# Difference Between INFJ and INTP



## ascii (May 3, 2012)

Could someone please explain the differences between these two types? I'm looking for a cognitive functions analysis. I haven't seen these two types contrasted before (I guess they're considered pretty different), but I'd really like an explanation of their habits, motivations, etc.

Thanks,
ascii


----------



## TrailMix (Apr 27, 2011)

For a while, I honestly thought I was an INFJ, but I'm definitely an INTP. For the record, these are just my ideas, and I havent done too much research. This is from my personal experience so here goes:

INFJ leads with Ni, so they're bound to be more "mystical" than your average person, but depending on how an INTP's Ti/Ne works together, they can appear the same way, but an INTP will tend to be more random/sporadic than an INFJ will. 

I feel like Ne and Fe are both VERY extroverted functions, and both can appear extroverted at times, sometimes being loud etc, but the way this excitability will be directed is very different. INFJs get more excited about people, and INTPs get more excited about ideas. For example, and INFJ could be gossiping with an INTP friend about some guy who did something seemingly random. The INFJ will be more concerned and get more excited about how he was feeling and what made him do that and more with the person himself, while the INTP would also be interested in that, but probably be more concerned with theorizing how it came about, what chain of events brought him to that point, and what the next move is going to be.

I've also read somewhere that INFJs tend to be the most rational/logical-minded of the NFs. They use their Ti well on average and tend to think things through very well, analyzing things much like NTs do, but within different contexts. However, I also feel like NTPs in general have good use of their Fe function, and can sometimes even appear as NFs if this is particularly well developed.

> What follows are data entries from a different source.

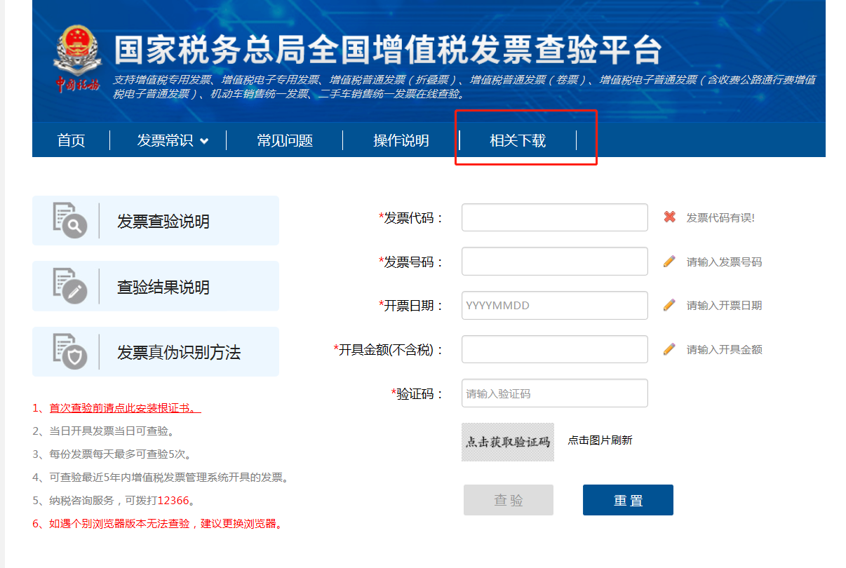 特別提示:單位和個(gè)人通過(guò)網(wǎng)頁(yè)瀏覽器首次登陸平臺(tái)時(shí),應(yīng)根據(jù)提示下載安裝根證書文件,并仔細(xì)查看查驗(yàn)平臺(tái)提供的發(fā)票查驗(yàn)操作說(shuō)明。
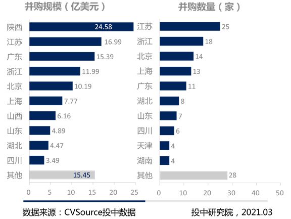 陕西省交易规模位居榜首,主要缘于头部大额案例
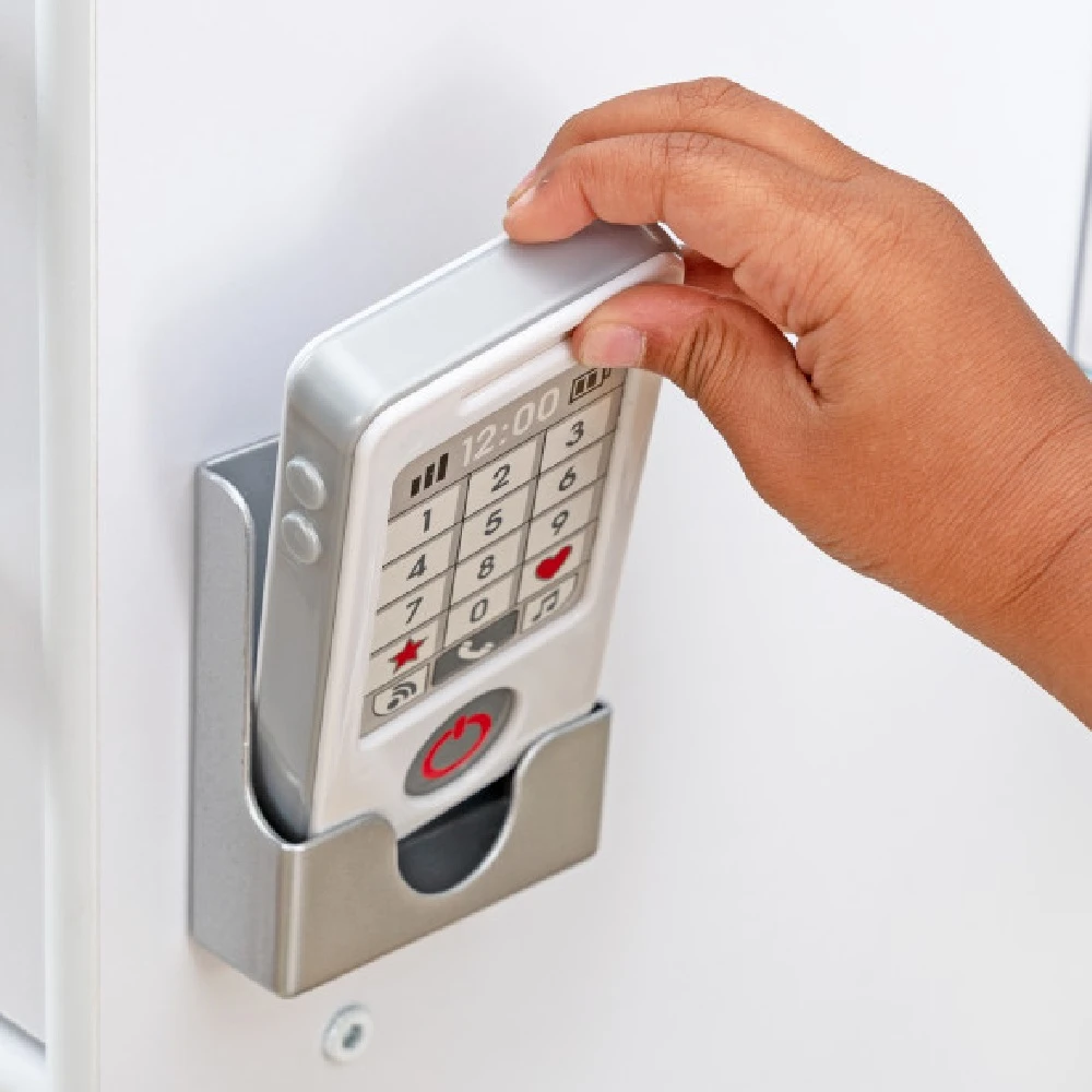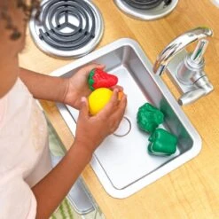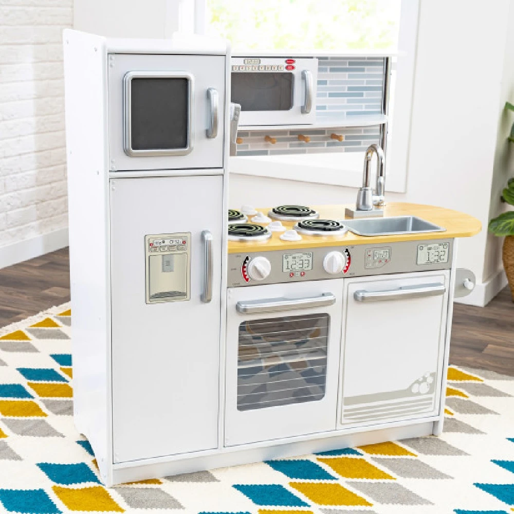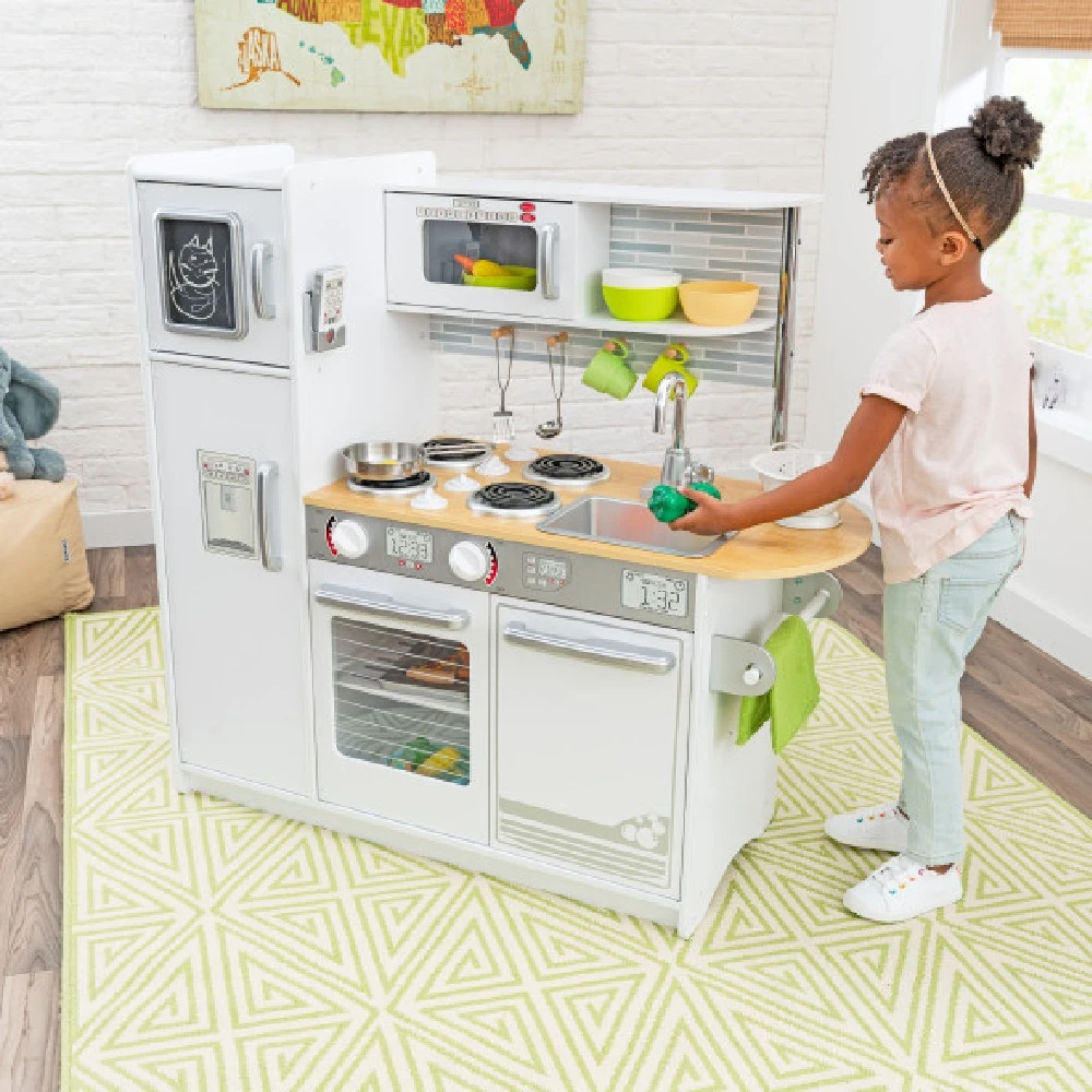 Time to cook up a little fun! Our KidKraft Uptown White Play Kitchen has a hip, modern look that young chefs are sure to love. With tile-look backsplash and sleek countertops, the design is emulated from trendy real-life kitchens. Every appliance is interactive, including doors that open and close, knobs that turn and click and a working chalkboard on the freezer door. Kids will love taking calls on the cordless play phone that attaches to the side of the refrigerator. Keep all accessories neat and handy with the pegs for hanging utensils and the side towel rack. Crafted from composite wood, the Uptown Espresso contemporary kitchen is a sturdy and stylish addition to playtime.
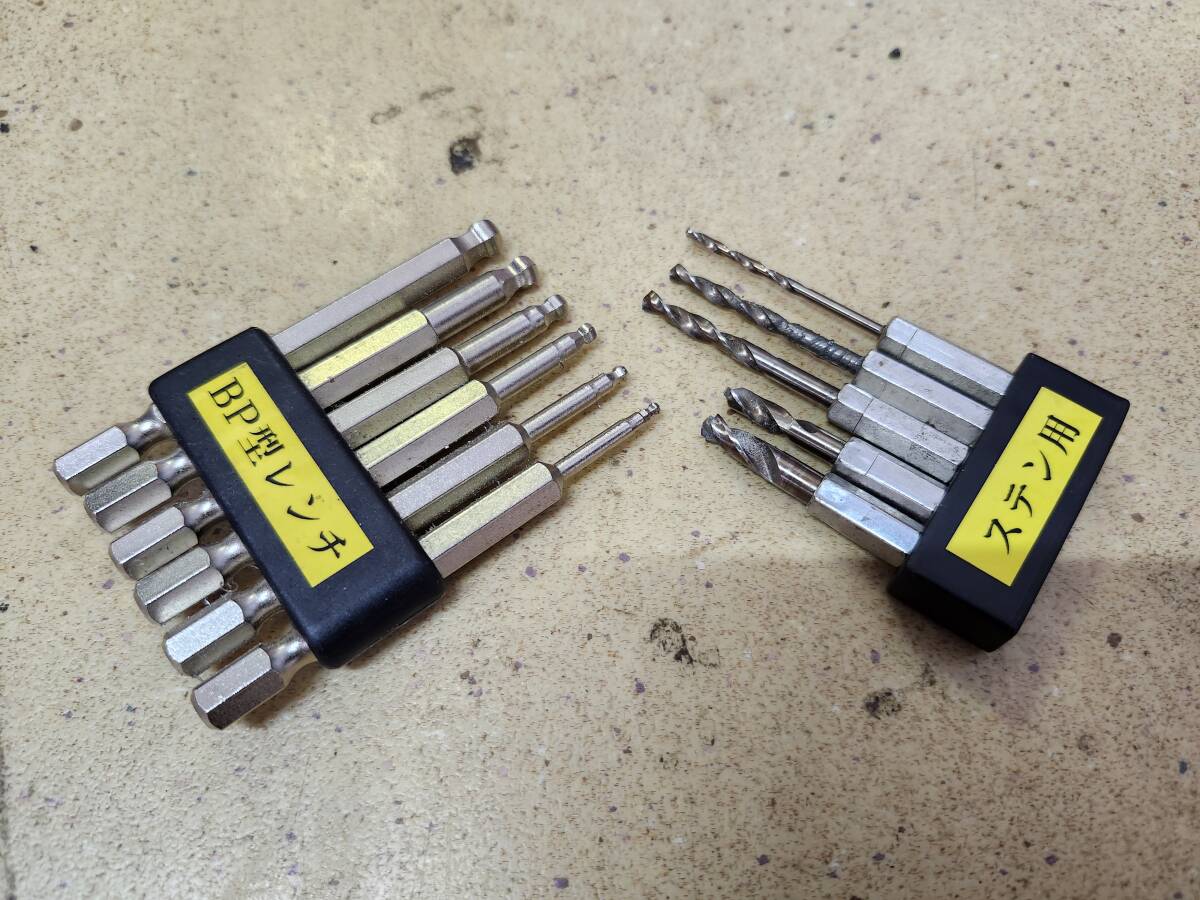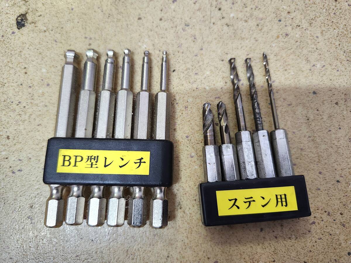 軸径6.35㎜のインパクトドライバー対応のボールポイント型六角レンチとステン用ショートタイプのドリル刄です。
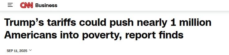 中国日报网9月12日电 美国有线电视新闻网(CNN)11日报道指出,特朗普政府的关税政策在推高联邦收入的同时,恐导致显著的社会成本。耶鲁大学预算实验室最新分析显示,这一系列政策或使近百万美国人陷入贫困。
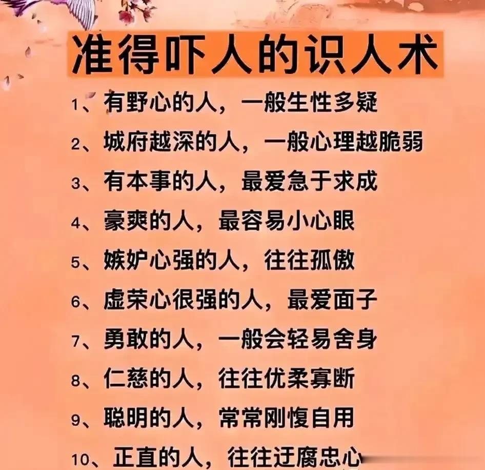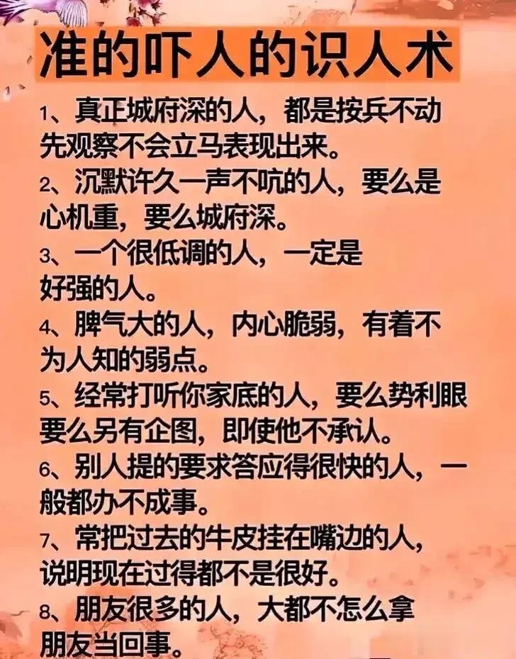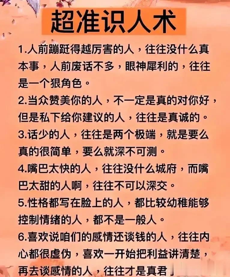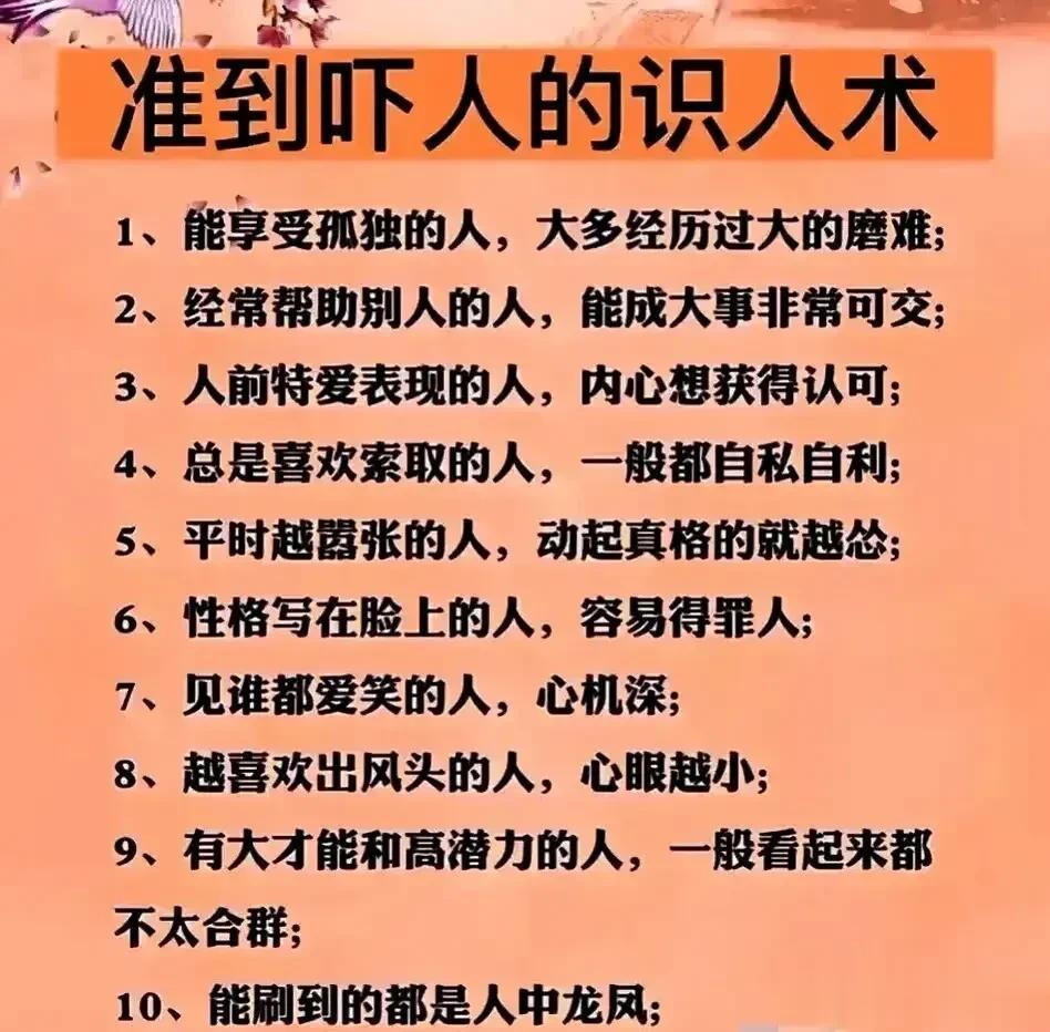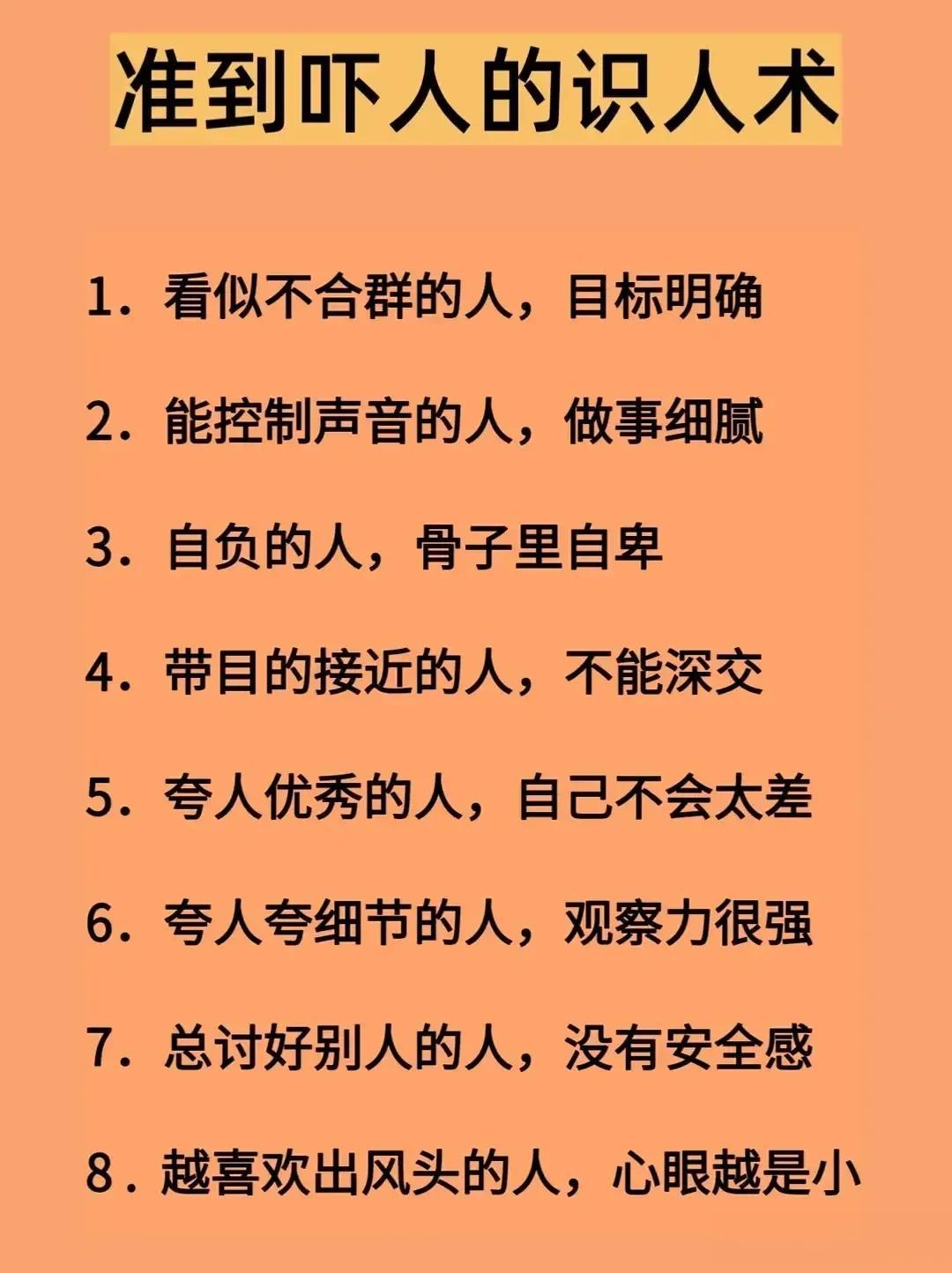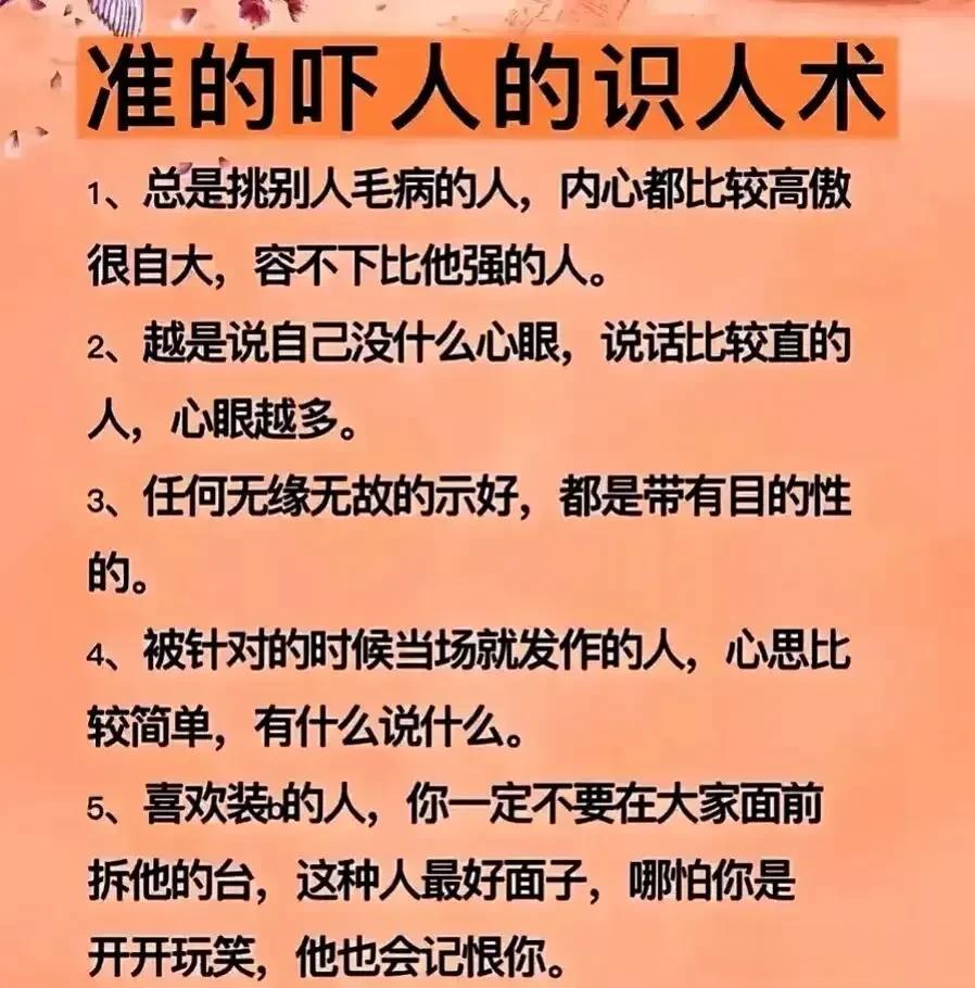 天呐!准到吓人的识人术,嘴巴甜的人尽量不要深交,经常诉苦的人也不要深交,见面熟的人一般不值得信赖!真是太有道理,太精辟,太经典了!

I for one, have a very well developed Fe, which caused me a lot of trouble in determining my actual type because my Ti, Ne, and Fe are all almost equally well developed.

As far as I have observed, INFJs dont really appear as strong judgers either. They are often disorganized and scatterbrained, but that is just on the surface, I feel like for the most part, with the help of Ni, they develop quite intricate structures in their minds, and find some way to fit everything into that structure of understanding the world. INTPs on the other hand, or at least for me, tend to be somewhat disorganized in this aspect, seeming to have concrete ideas one second, then radically changing them the next when new information comes in...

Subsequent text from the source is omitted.